After randomly initialising the weights according to a uniform Gaussian distribution, training is performed by minimising cross-entropy error on the training set using backpropragation with stochastic gradient descent, until the accuracy on the validation set has not increased six times in a row. This early stopping is done to prevent overfitting the network to the training data.
Cross-validation is used to evaluate the network performance that involves randomly splitting the dataset into ten subsets, of which eight are used for training, and one each used for validation and testing. I use the F-measure as the average of Precision and Recall to assess network performance. The F-measure is calculated after training the network in every combination of test and validation set (resulting in 10*9 = 90 combinations), before the mean of these individual F-measures is computed as an overall performance indicator.
To investigate the influence of the number of included MFCCs D and the number of neurons N on performance, a grid search is executed, calculating the performance when using any combination of {1, ..., 40} MFCCs with {1, ..., 40} neurons. Additionally, this process is followed for both MFCC40B and the variant MFCC80B with 80 bands.

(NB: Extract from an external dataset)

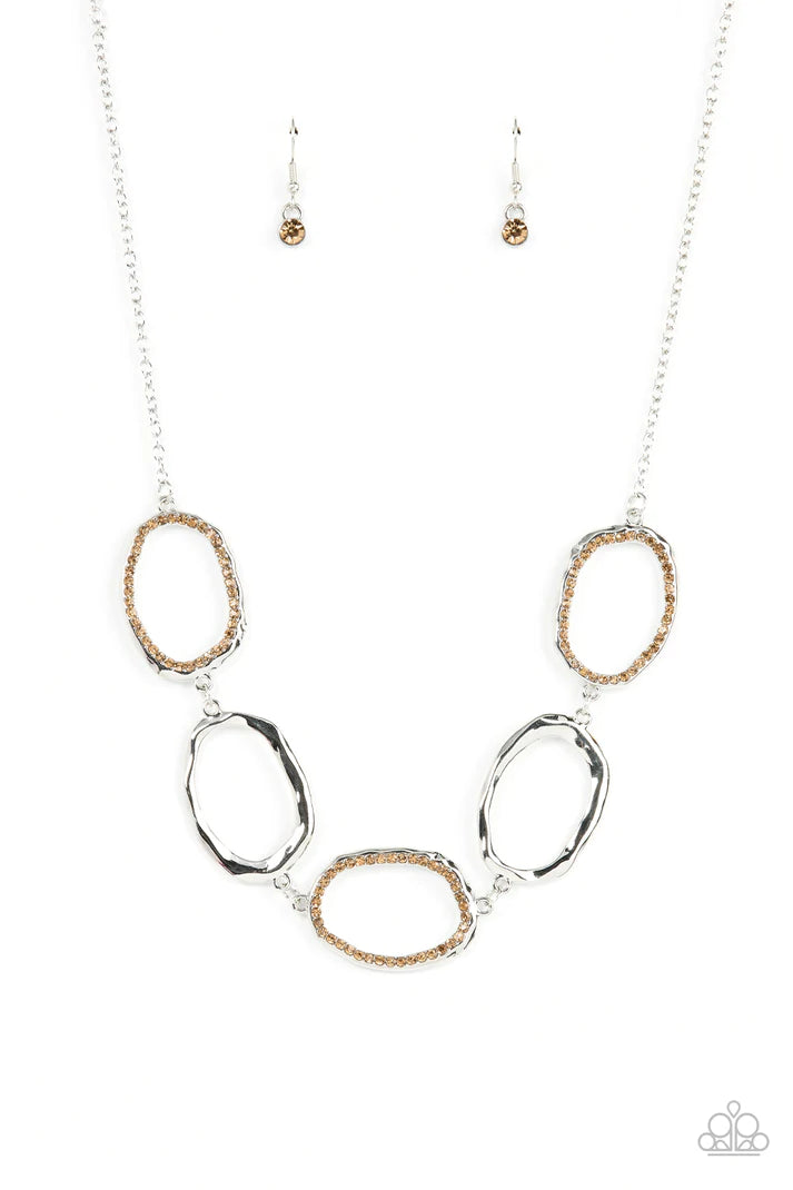 A row of dazzling light topaz rhinestones makes its way around a delicately hammered imperfect circular frame. The airy frames alternately link end to end with similar shiny silver frames creating a glitzy fashion across the collar. Features an adjustable clasp closure.

When using the standard MFCC40B features, the resulting mean F-measures are displayed on the right.
For less than about five neurons, performance is significantly degraded, likely due to the lack of processing capability present in the network that is required for successful classification.
Performance starts low with a low number of MFCCs, but increases gradually when including more MFCCs, where the increase is most pronounced for the lower coefficients. This could be a result of the discrete cosine transform employed as a last step in MFCC calculation, which concentrates most of the information/energy in the spectrum in the first coefficients, effectly compressing spectral information.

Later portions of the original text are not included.